Overview
2q37 deletion syndrome can cause various symptoms depending on the gene responsible. A typical symptom is Albright syndrome-like shortening of the metacarpals and midcrus.
Albright-like metacarpal and midcruris shortening is a genetic disorder caused by the deletion of a portion of the terminal portion of the long arm of chromosome 2 (2q37.3). The first case was reported in 1989, and it is an extremely rare disease with at least 115 cases reported worldwide to date. Approximately half of affected individuals have physical characteristics such as short fingers and toes, especially the fourth finger. Other physical characteristics include a distinctive facial appearance and thinning hair. Neurological abnormalities include developmental delays in motor skills such as standing, sitting, and walking, and approximately 25% of these individuals have autism spectrum disorder, which means impaired social communication and social interaction. Other symptoms include inflammatory skin diseases, malformations of the brain, heart, digestive system, kidneys, and reproductive organs, and in very rare cases, a very rare form of liver cancer called Wilms tumor.
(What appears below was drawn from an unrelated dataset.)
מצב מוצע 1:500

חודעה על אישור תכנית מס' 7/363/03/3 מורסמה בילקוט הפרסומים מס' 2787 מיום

Due to the above characteristics, this condition is sometimes called 2q37 entire autosomal region partial deletion disorder, Albright hereditary osteodystrophy-like syndrome, or brachial neurological mental retardation syndrome.
Reason
Albright syndrome-like metacarpal is a disease caused by the deletion of a part of a chromosome, but it is still unknown why such a deletion occurs. Since most (approximately 95%) of the parents of affected patients have normal karyotypes, it is known that inheritance from parents is rare, and the majority of cases are due to de novo mutations (*1). For this reason, it is thought that the deletion is caused by DNA replication errors during the formation of the parents’ sperm and eggs, or in the fertilized egg at the early stage of embryogenesis. Due to the small number of cases overall and the small number of patients with parents, brothers, and sisters with similar genotypes due to the de novo mutation, molecular biology and genetic research has not progressed much, and genotype-phenotype association has been rarely performed.
The area where the deletion occurs is often near the end of the long arm of chromosome 2, and the deletion has been identified as the 2q37 region. It is believed that a pure deletion in this region is the cause of the disease. The size of the deletion varies greatly from person to person, ranging from 2 Mbp to 9 Mbp. Approximately 100 genes are encoded in this region, and it is believed that the disease develops when the function of one or more of these genes is impaired. In particular, one of the main genes is the HDAC4 gene (*2), which shows deletion of one allele and the associated loss of heterozygosity. HDAC4 is a gene that codes for a histone deacetylase and is known to be involved in skeletal and muscular development, but its molecular relationship with Albright syndrome-like metacarpal and midfoot shortening has not yet been clarified.
Symptoms
The typical presentation of individuals with Albright-like short metacarpals and mid-crus syndrome is primarily physical and neurological. Physical characteristics: Approximately half of affected individuals have brachydactyly or polydactyly, especially in the fourth digits of the hands and feet. Additionally, most cases have distinctive facial features, including prominent forehead, round face, thin and arched eyebrows, sunken nasal bridge, missing or prominent nasal passages, thin lips, thin eyelids, upper eyelid folds, upturned cleft palate, smooth palate, prominent lower cheekbones, and ear abnormalities. Short stature, obesity, thinning hair, and nipple abnormalities, including inverted nipples, are also common. Organ developmental deficiencies have been observed, with cardiac, gastrointestinal, and renal abnormalities seen in one-third of affected individuals. Wilms tumors, renal dysplasia, and bronchomalacia have been seen in a few affected children, but only in those with proximal 2q37.1 deletions. An Albright hereditary osteodystrophy-like phenotype (*3) is seen in patients with telomeric deletions at 2q37.3, who subsequently develop seizures and cystic kidney disease.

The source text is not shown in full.